Bura and Pabir People

Regions with significant populations
- Borno State, Adamawa State, YobeState

Religion
- Christianity, Islam, Traditional

Related ethnic groups
- Hausa, Fulani, Kanuri, Chibok, Marghi

= Babur and Bura people =

Ethnic group in Nigeria

Bura people call themselves Bura or Bura-Pabǝr, while the hausas call them Babur or Baburawa are part of the ethnic groups in Nigeria. They are located in Biu, Hawul, Kwaya Kusar, Shani and Bayo, from Ngulde in Askira/Uba and parts of Damboa LGA of Borno State and from Garkida in GombiLGA, from Barata in Shelleng LGA of Adamawa State. Bura-Pabir People are also found in Bularafa in Gulani LGA and Maza in Gujba LGA of Yobe State as well as on the fringes of Gombe State in Yamaltu Deba LGA (Dadin Kowa Area).

== Origin ==
The origin of Bura-Pabir people can be traced back to the migrants from Yemen through Sudan and the Chad Basin to the present Bura-Pabir location, Northeastern part of Nigeria. However, in the mid-16th century Yamta-ra-Wala defeated the Bura people and established Biu kingdom.
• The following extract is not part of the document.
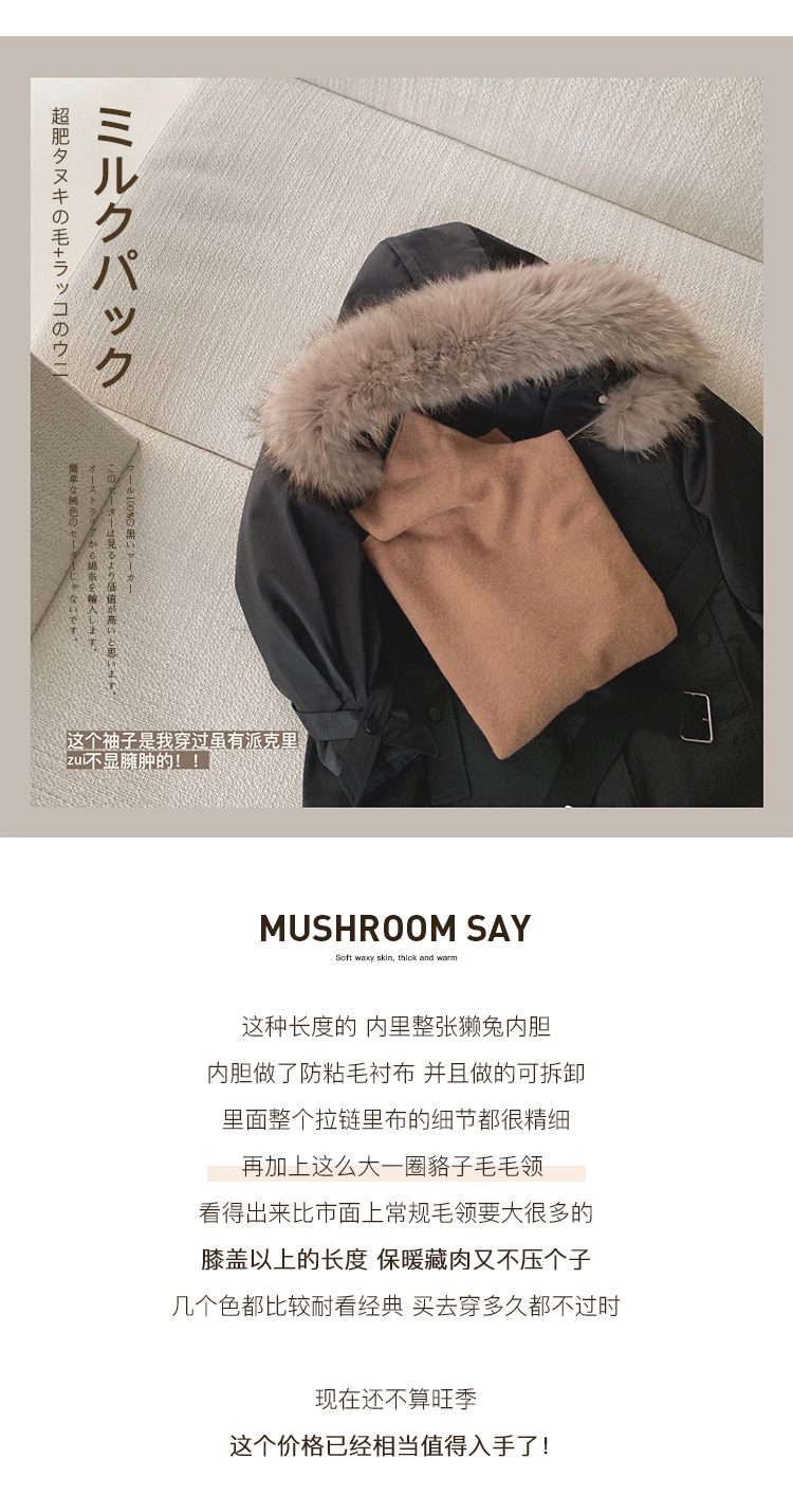 金蘑菇菇【牛乳派克】惊喜回馈价!超肥貉子毛+獭兔内胆派克服

Due to the intermarriage between Yamta Wala's people and the Bura people, a new breed of ethnic group called Bura-Pabir or Babur (in Hausa) was created and till today, Bura and Pabir' culture are very similar to the extent that they are regarded as one.

== Traditional ruler ==
The traditional ruler of Bura-Pabir people is locally called Kuthli or Kuhyi, and now an emir since the kingdom became an emirate. Since they are the major occupants of Biu Kingdom, their current ruler is Mai Mustapha Umar Mustapha II. He assumed office on 21 September 2020.
Emir of Biu Kingdom.

== Marriage culture ==
Bura people have a distinct marriage system. When a girl child is born, the interested suitor signify his intention by presenting a leafy branch of tree into the mother's hut. If accepted, it is expected of him to keep on bringing gifts for the family, assisting the father in law with his farm and other things till the child become of age. Then, he has the right to employ the help of his friend to capture the wife and send her to his house before the bride price and other traditional items are provided.

== Language ==
Bura people are one of the speakers of Afro-Asiatic language of the Chadic group. They speak Bura Language and also have affinity with Hausa and Kanuri, Chibok.

== Religion ==
The Bura people are animists before the advent of Islam and Christianity in the 1920s. Their gods were represented by water, Iron, Stones, Forests etc. God is called Hyel or Hyel-mtaku (God my owner) and Haptu is a personal god who takes cares of the people.